But then I don’t see the advantage compared to the let* () syntax.

I’ve had the benefit of being able to craft the functions I’ve used this way to suit. So my e.g. abort_if function (and any others that would make sense in this kind of context) would require a trailing unit arg.

1 Like

Ah, I see ! I’m going to try it. Thank you for sharing.

Edit : With @cemerick’s suggestion, I understand this would look something like this :

() 
>> abort_if (check_something x) "problem with x"
>> abort_if (check_another_thing y) "problem with y" 
>> abort_if (has_cycle z) "cycle in z" 
>> fun () -> do_something x y z

you’d have to explicit the thunk after your last one.

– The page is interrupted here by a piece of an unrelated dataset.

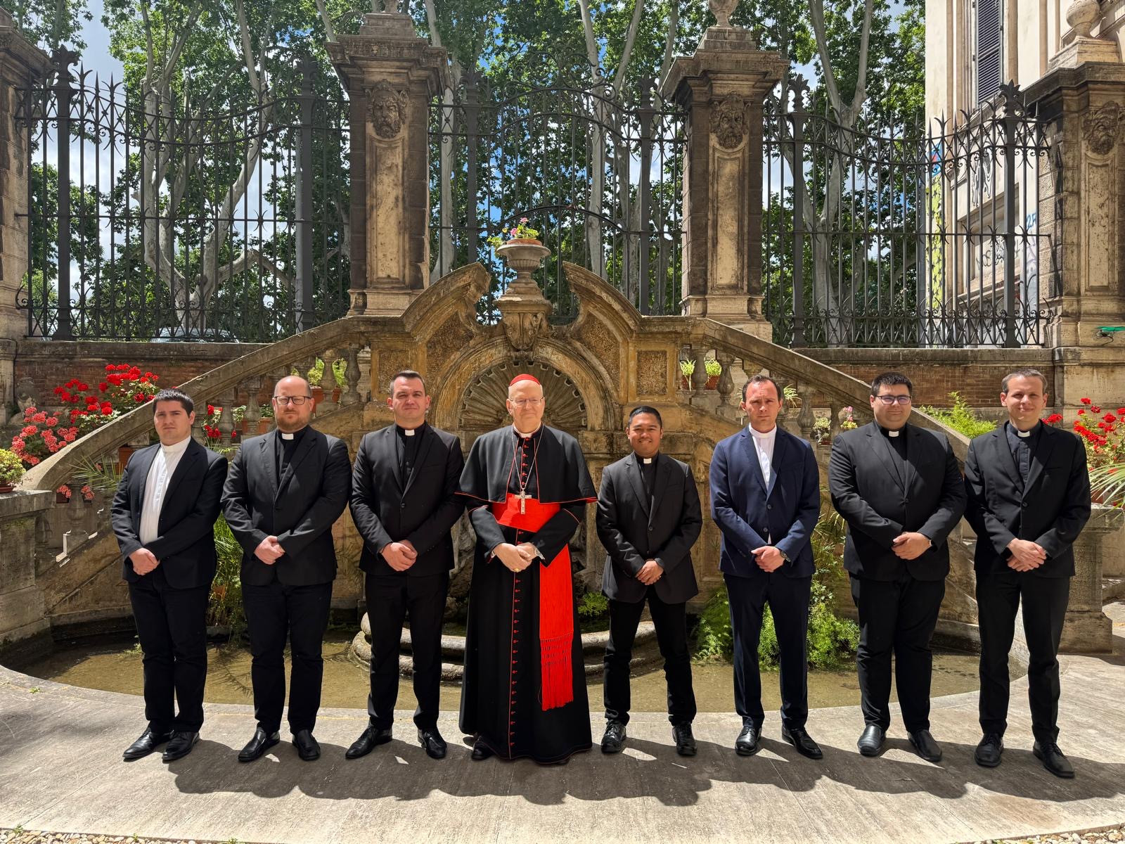 Az indulás előtti csoportkép a Pápai Magyar Intézetben: Törő András rektor, Benedict Tajos (Egri Főegyházmegye), Farkas Ferenc (Esztergom-Budapesti Főegyházmegye), Palatinus Kristóf (Győri Egyházmegye), Péter Vilmos (Egri Főegyházmegye), Resch András (Egri Főegyházmegye), Tóth László Gábor (Debrecen-Nyíregyházi Egyházmegye).

Evaluation order differs between native code and byte code in some cases. For example, the following program prints “ocamlopt” when compiled with ocamlopt and “ocamlc” when compiled with ocamlc:

let r = ref "ocamlc" in print_endline (snd ((r := "ocamlopt"), !r))
3 Likes

Interesting feedback, thanks. The ppx syntax feels less flexible to me on first try.

How would you handle this use case? I want to insert a bunch of data into a database. At each step, I need to cross the Lwt context, then the Result context to ensure I got the success variant value (), before trying to insert more rows.

Here’s what I got:

let add_author conn first_name last_name : (unit, 'error) result Lwt.t =
  Author.insert conn { first_name; middle_name = None; last_name }
;;

let seed2 conn : (unit, 'error) result Lwt.t =
  let ( let* ) = Lwt_result.bind in
  let* () = add_author conn "John" "Doe" in
  let* () = add_author conn "Jane" "Doe" in
  let* () = add_author conn "Robert" "Doe" in
  Lwt.return_ok ()
;;

let seed3 conn : (unit, 'error) result Lwt.t =
  let%lwt res = add_author conn "John" "Doe" in
  match res with
  | Error e -> Lwt.return_error e
  | Ok () -> Lwt.return_ok ()
;;

let seed4 conn : (unit, 'error) result Lwt.t =
  match%lwt add_author conn "John" "Doe" with
  | Error e -> Lwt.return_error e
  | Ok () -> Lwt.return_ok ()
;;

let bind fn then_ : (unit, 'error) result Lwt.t =
  match%lwt fn with
  | Error e -> Lwt.return_error e
  | Ok () -> then_
;;

let seed5 conn : (unit, 'error) result Lwt.t =
  let ( >>= ) = bind in

  Lwt.return_ok ()
  >>= add_author conn "John" "Doe"
  >>= add_author conn "Jane" "Doe"
  >>= add_author conn "Robert" "Doe"
;;

The function seed2 using the let* syntax is small and terse.

seed3 and seed4 were experiments with the ppx syntax: we can see that’s not gonna work.

The best I could do with the ppx extension was the implementation at seed5, I feel I kinda reinvented the wheel though. And using semicolons wouldn’t make sense here.


[EDIT]

I should have written:

let bind fn then_ : (unit, 'error) result Lwt.t =
  match%lwt fn with
  | Error e -> Lwt.return_error e
  | Ok () -> then_ ()
;;

let seed5 conn : (unit, 'error) result Lwt.t =
  let ( >>= ) = bind in

  add_author conn "John" "Doe" >>= fun () ->
  add_author conn "Jane" "Doe" >>= fun () ->
  add_author conn "Robert" "Doe"
[@@ocamlformat "disable"]